Inside the Cyberthreat That’s Costing Millions


U.S. government agencies have released a joint cybersecurity advisory detailing the indicators of compromise (IoCs) and tactics, techniques, and procedures (TTPs) associated with the notorious LockBit 3.0 ransomware.

“The LockBit 3.0 ransomware operations function as a Ransomware-as-a-Service (RaaS) model and is a continuation of previous versions of the ransomware, LockBit 2.0, and LockBit,” the authorities said.

The alert comes courtesy of the U.S. Federal Bureau of Investigation (FBI), the Cybersecurity and Infrastructure Security Agency (CISA), and the Multi-State Information Sharing & Analysis Center (MS-ISAC).

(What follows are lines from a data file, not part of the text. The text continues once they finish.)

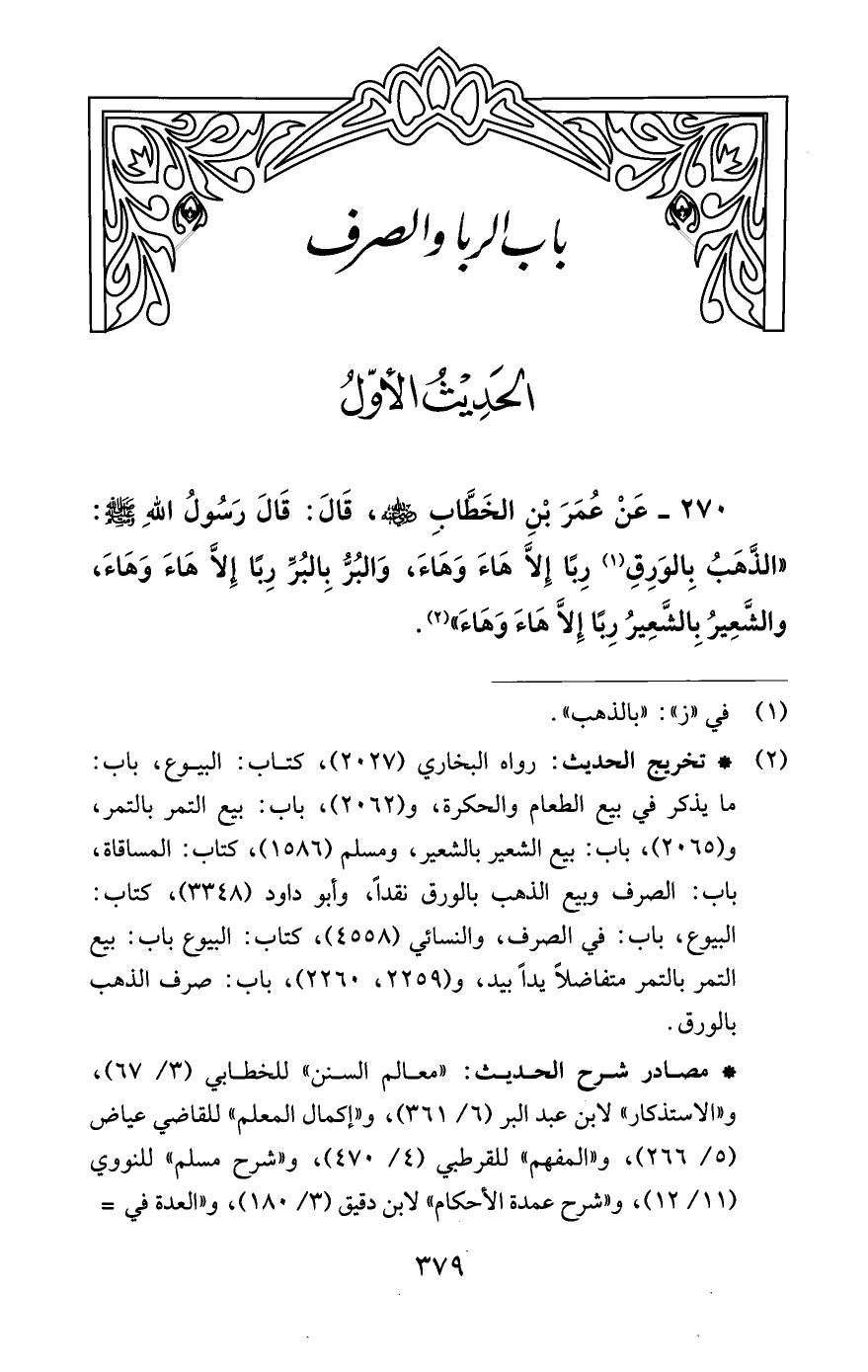 270 - عَنْ عُمَرَ بْنِ الخَطَّابِ -رضي اللَّه عنه-، قَالَ: قَالَ رَسُولُ اللَّهِ -صلى اللَّه عليه وسلم-: "الذَّهَبُ بِالوَرِقِ (¬1) رِبًا إِلَّا هَاءَ وَهَاءَ، وَالبُرُّ بِالبُرِّ رِبًا إِلَّا هَاءَ وَهَاءَ، والشَّعِيرُ بِالشَّعِيرُ رِبًا إِلَّا هَاءَ وَهَاءَ" (¬2).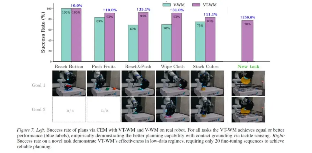 在真实机器人零样本实验中,VT-WM 将高接触任务规划成功率最高提升35%,还能仅靠少量演示数据快速适配全新任务,为机器人高接触操作提供了更可靠的多模态解决方案。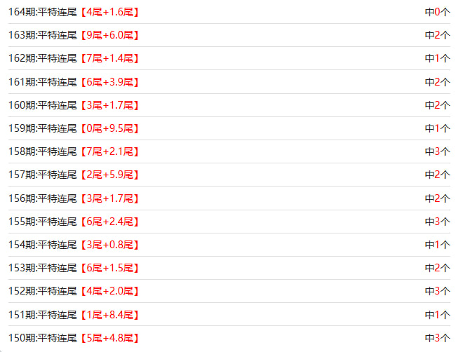 新澳门六合彩的【164期】平特连尾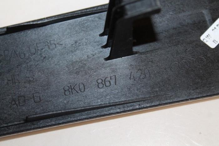 Sierlijst portier rechts achter (ZGAN) Kleur: Aluminium ’trigon’ Kleurcode: AR8 Fabrikant: OE Vergelijkingsnummer: 8K0867420L AR8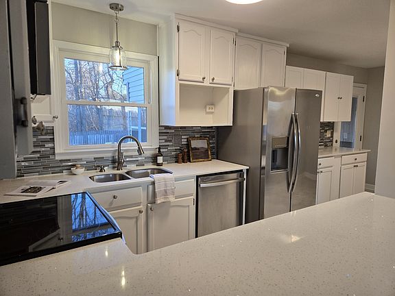 Beautifully remodeled home featuring a spacious open floor plan. The main level boasts a large great room with fireplace perfect for gatherings, a bright & white Kitchen with loads of counter space and stainless appliances, a step-down den and a luxurious primary bedroom. Upstairs, you'll find two additional bedrooms, a versatile rec room, and a delightful three-season room that invites you to relax and enjoy the views. Outside, the fenced rear yard offers privacy and space for outdoor activities, pets and family time. The covered rear porch ideal for grilling and entertaining. A 24'x36' detached 2 Car Garage is perfect size for both vehicles and hobbies. Don't miss this one—schedule your showing today!

Since emerging in late 2019, the LockBit actors have invested significant technical efforts to develop and fine-tune its malware, issuing two major updates — LockBit 2.0, released in mid-2021, and LockBit 3.0, released in June 2022. The two versions are also known as LockBit Red and LockBit Black, respectively.

“LockBit 3.0 accepts additional arguments for specific operations in lateral movement and rebooting into Safe Mode,” according to the alert. “If a LockBit affiliate does not have access to passwordless LockBit 3.0 ransomware, then a password argument is mandatory during the execution of the ransomware.”

The ransomware is also designed to infect only those machines whose language settings do not overlap with those specified in an exclusion list, which includes Romanian (Moldova), Arabic (Syria), and Tatar (Russia).

Initial access to victim networks is obtained via remote desktop protocol (RDP) exploitation, drive-by compromise, phishing campaigns, abuse of valid accounts, and weaponization of public-facing applications.

Upon finding a successful ingress point, the malware takes steps to establish persistence, escalate privileges, carry out lateral movement, and purge log files, files in the Windows Recycle Bin folder, and shadow copies, before initiating the encryption routine.

“LockBit affiliates have been observed using various freeware and open source tools during their intrusions,” the agencies said. “These tools are used for a range of activities such as network reconnaissance, remote access and tunneling, credential dumping, and file exfiltration.”